Актер с пасторским стажем. Интервью с Сергеем Колешней

Специально для журнала «Флагман» мы встретились с актером театра и кино Сергеем Клешнёй, чтобы поговорить об искусстве перевоплощаться, судьбе театра в церкви, пасторском служении и даже о том, как трудно быть женщиной.

ФЛАГМАН: Сергей, расскажи с самого начала, как ты попал в театр. Это призвание или случайность?
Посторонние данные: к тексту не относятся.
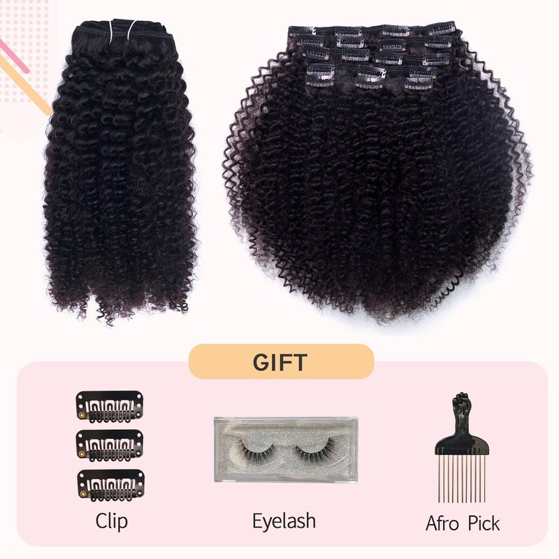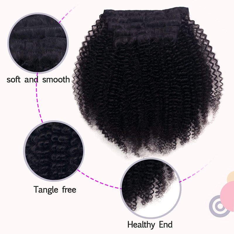 Vanalia 3C 4A Clip Ins, Afro Kinky Curly Clip In Hair Extensions, 3C 4A Clip ins for African American Black Women,9A Brazilian Remy Hair Double Wefted Natural Black,120 Gram 18Inch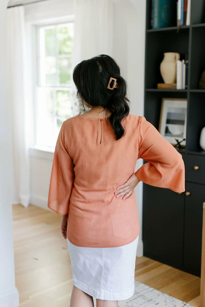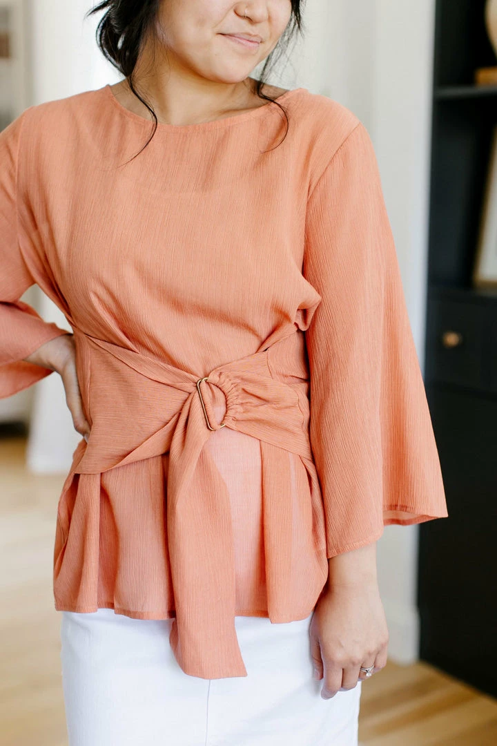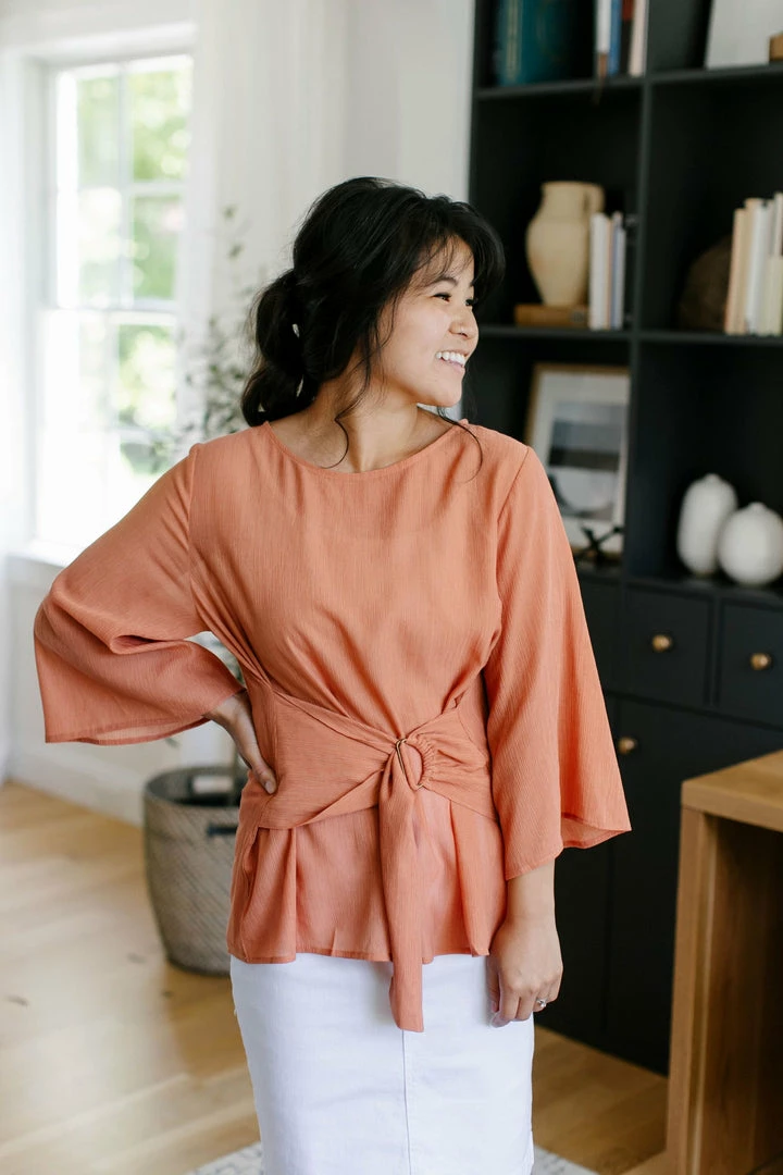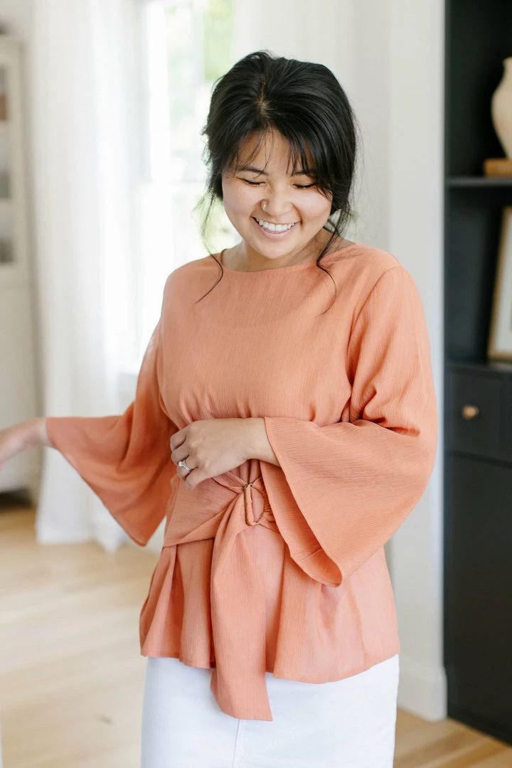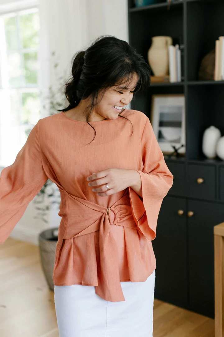Add unique style to your summer wardrobe with the Marina Wrap Top! The elegant look combines a beautiful sash with bell sleeves for a lovely and lightweight feminine look. A cinched-waist silhouette flatters all body types while maintaining modest style. Pair with everything from denim to a pencil skirt for all seasons!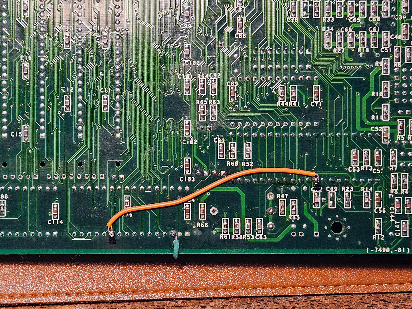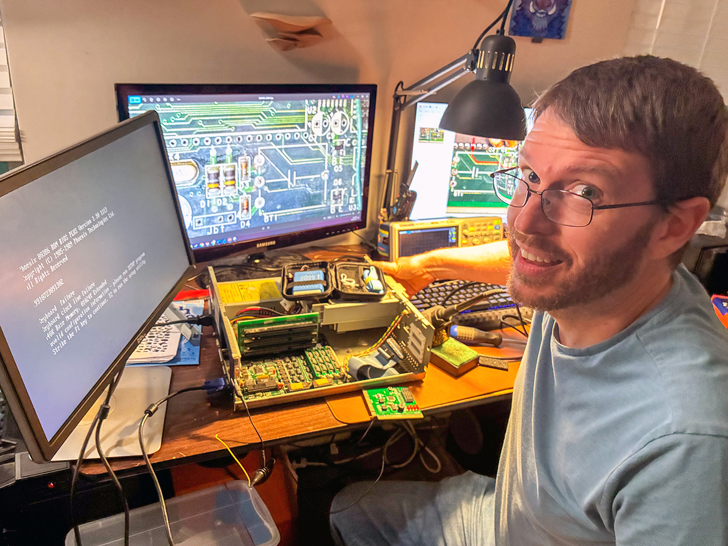 I installed a bodge wire between pin 9 of the 8042 keyboard controller and pin 9 of the high BIOS chip. I started the computer, heard two beeps, and knew that it was POSTing! I connected a monitor and found that it was attempting to boot.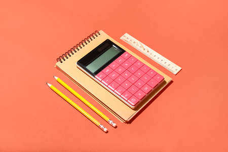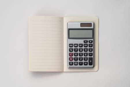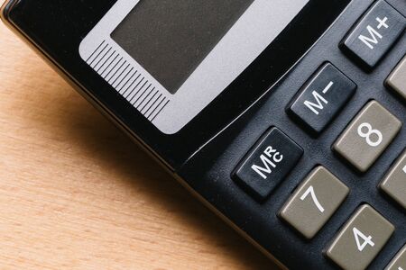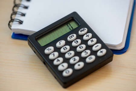 A calculator and a notebook on a wooden table with copy space. Selective focus.
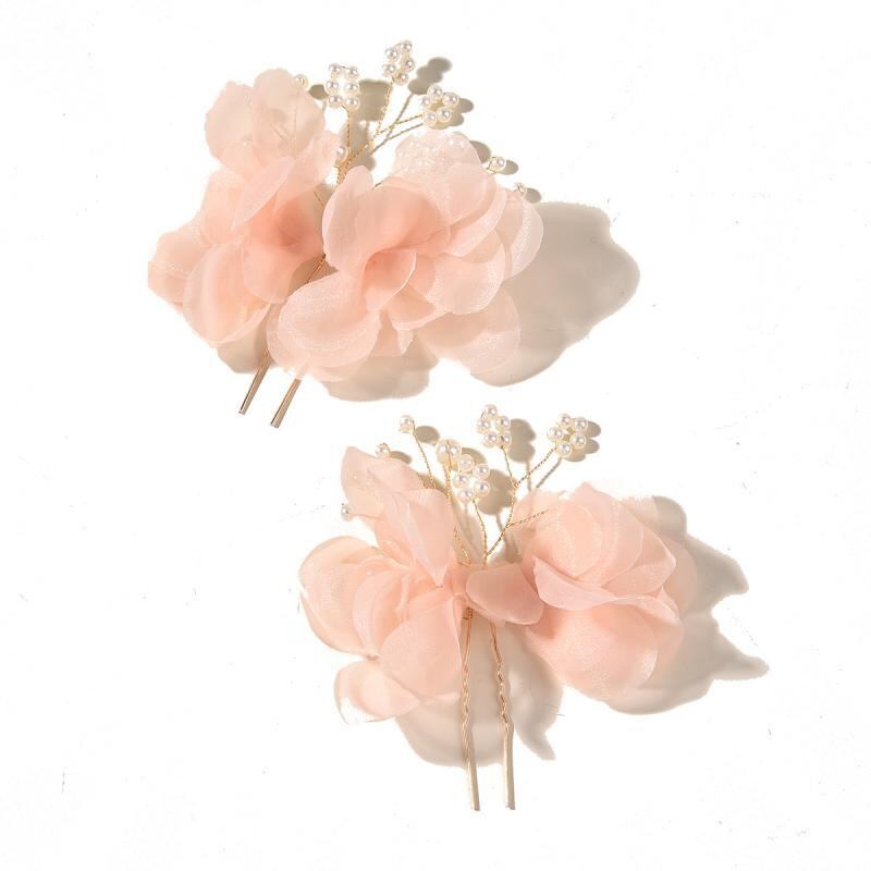 髪飾り レディース ヘッドドレス 韓国風 ブライダル ウェディング 花嫁 結婚式 前撮り フォトウェディング パーティー お呼ばれ パール Uピン かんざし チュール 優美 エレガント ヘアアクセサリー 白 ピンク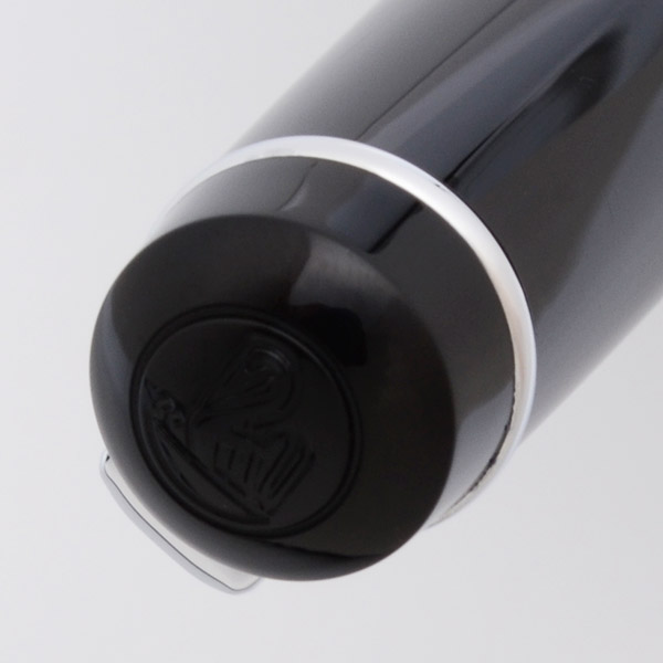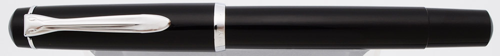 Condition Near mint condition with no cracks, chips, dents, or dings. This is a velvety black, shiny pen that looks great. The barrel has slight marks caused by the cap lip. The cap and barrel have mainly light signs of usage. The cap band and clip both look great. The imprints are clear.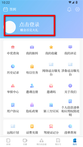 2、在個人中心界面,點擊點擊登錄選項,進入登錄頁面。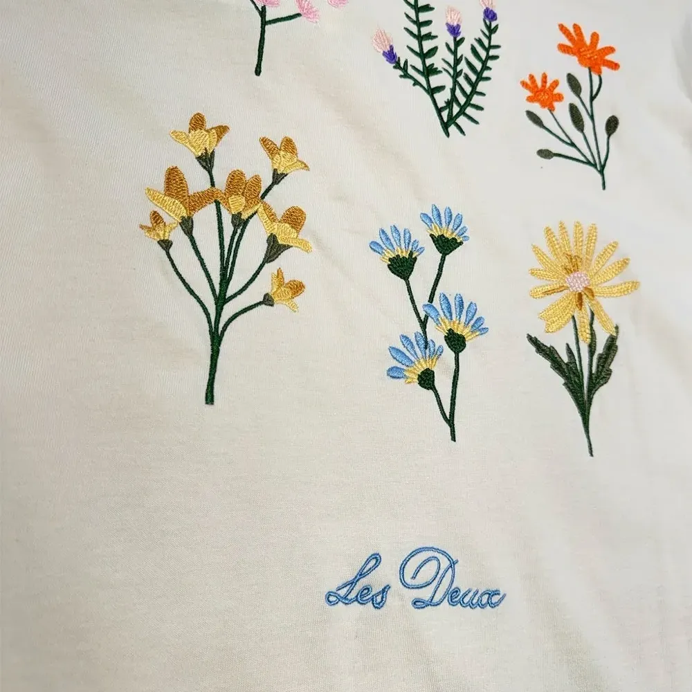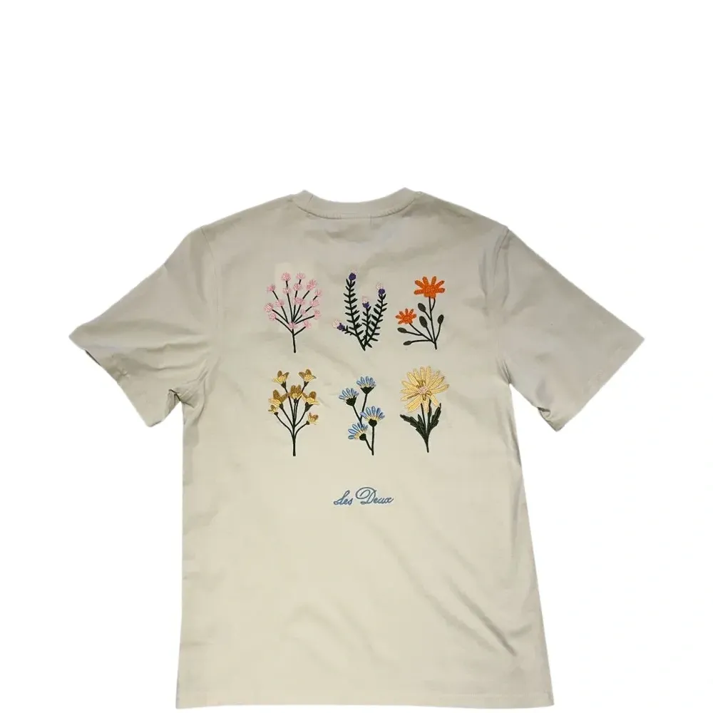 бежевый хлопок, цветочная вышивка, короткие рукава, круглый вырез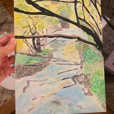 Maleri som viser et grønt landskap med trær, busker og blomster rundt en dam. I bakgrunnen er det en liten bro over vannet. Fargene domineres av grønn-, blå-, lilla- og rosatoner. Bildet er malt på lerret og kan henges direkte på vegg. Passer som veggdekor i stue, soverom eller andre oppholdsrom.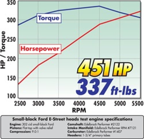 The Edelbrock #5025 E-Street cylinder heads are designed for Ford 289-351 W V8 applications. The Edelbrock E-Street cylinder heads offer American made quality and affordable performance. E-Street cylinder heads feature as-cast ports and are designed for entry-level street performance applications operating in the idle-to-5500 rpm range. The modern combustion chamber designs improve the combustion process and larger than stock intake and exhaust ports move more air through your engine for improve efficiency. For use on pre-pollution controlled vehicles only.
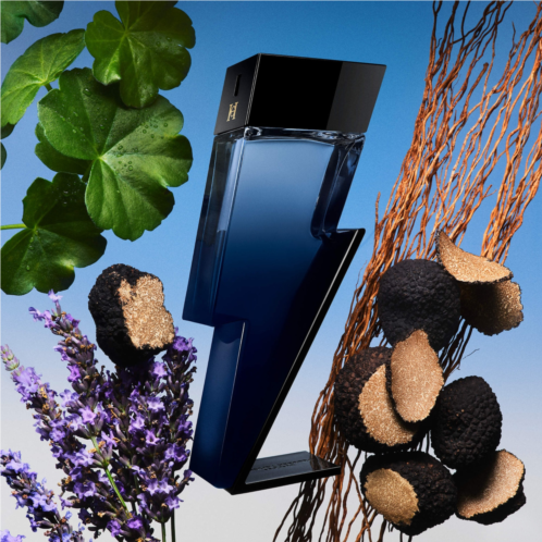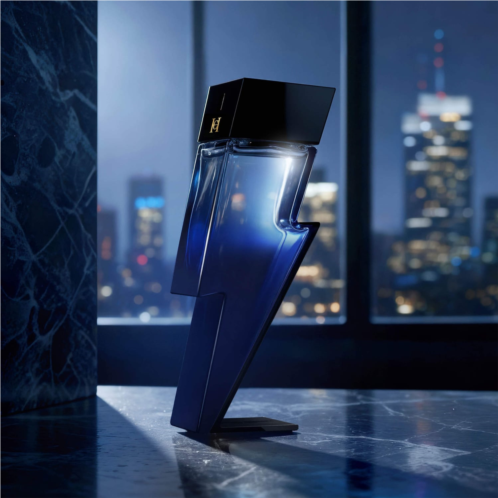 About the Bottle: A cobalt blue lightning-bolt bottle with black lacquer detailing embodies strength, elegance, and modern masculinity. Sculptural, bold, and magnetic, it mirrors the electric energy and woody intensity of the fragrancea striking symbol of confidence and vitality.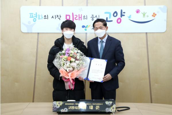 [한국연예축제일보, 유혜경기자] 고양시는 지난 20일 행신동 아파트에서 발생한 화재를 직접 진압해 대형 참사를 막은 소방공무원 준비생 권유호 청년(21세)에게 고양시장 표창장을 수여했다고 29일 밝혔다.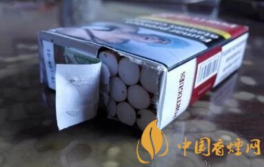 開盒方式與之前的丹麥軟紅萬一樣,向上拉起稅標紙,然后撕下半段錫紙,抽取出煙支。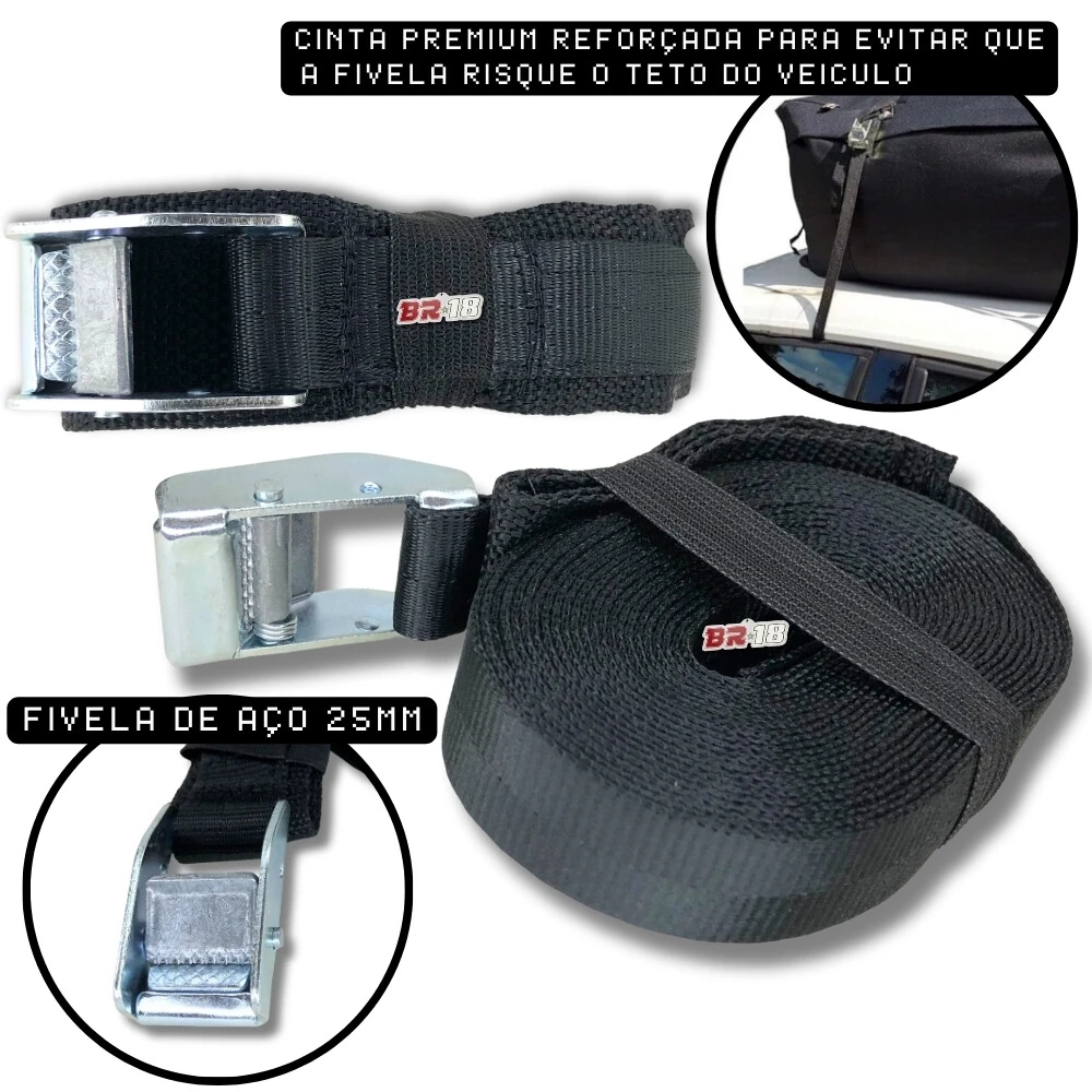 Par de Cintas premium de alta categoria projetada para transporte de diversos objetos nos mais variados tipos de suporte: Rack, caçamba, teto do carro (Aconselhamos que verifique o peso suportado pelo teto do veículo em todos os tipos de suporte) e etc;

СЕРГЕЙ КОЛЕШНЯ: Все вместе. Мое детство прошло в Цирке на Цветном бульваре, а лучшими друзьями были клоуны. Я много наблюдал, как они ставили сценки. И даже сколотил творческую бригаду, когда меня отправили в спортивный лагерь, потому что там было скучно и надо было как-то занимать себя. Уже в подростковом возрасте одним из моих любимых актеров был Александр Гаврилович Абдулов, который тогда играл в Ленкоме. А рядом с Ленкомом была театральная студия, и, когда мне было пятнадцать, я пришел в нее поступать, поближе к Абдулову. Меня взяли. Тогда в Москве были популярными театральные студии, где сегодня ты актер, завтра билетер, послезавтра моешь сцену, и дальше опять по кругу. 

Ф.: И с тех пор ты не уходил со сцены. Как ты понял, что это твое призвание?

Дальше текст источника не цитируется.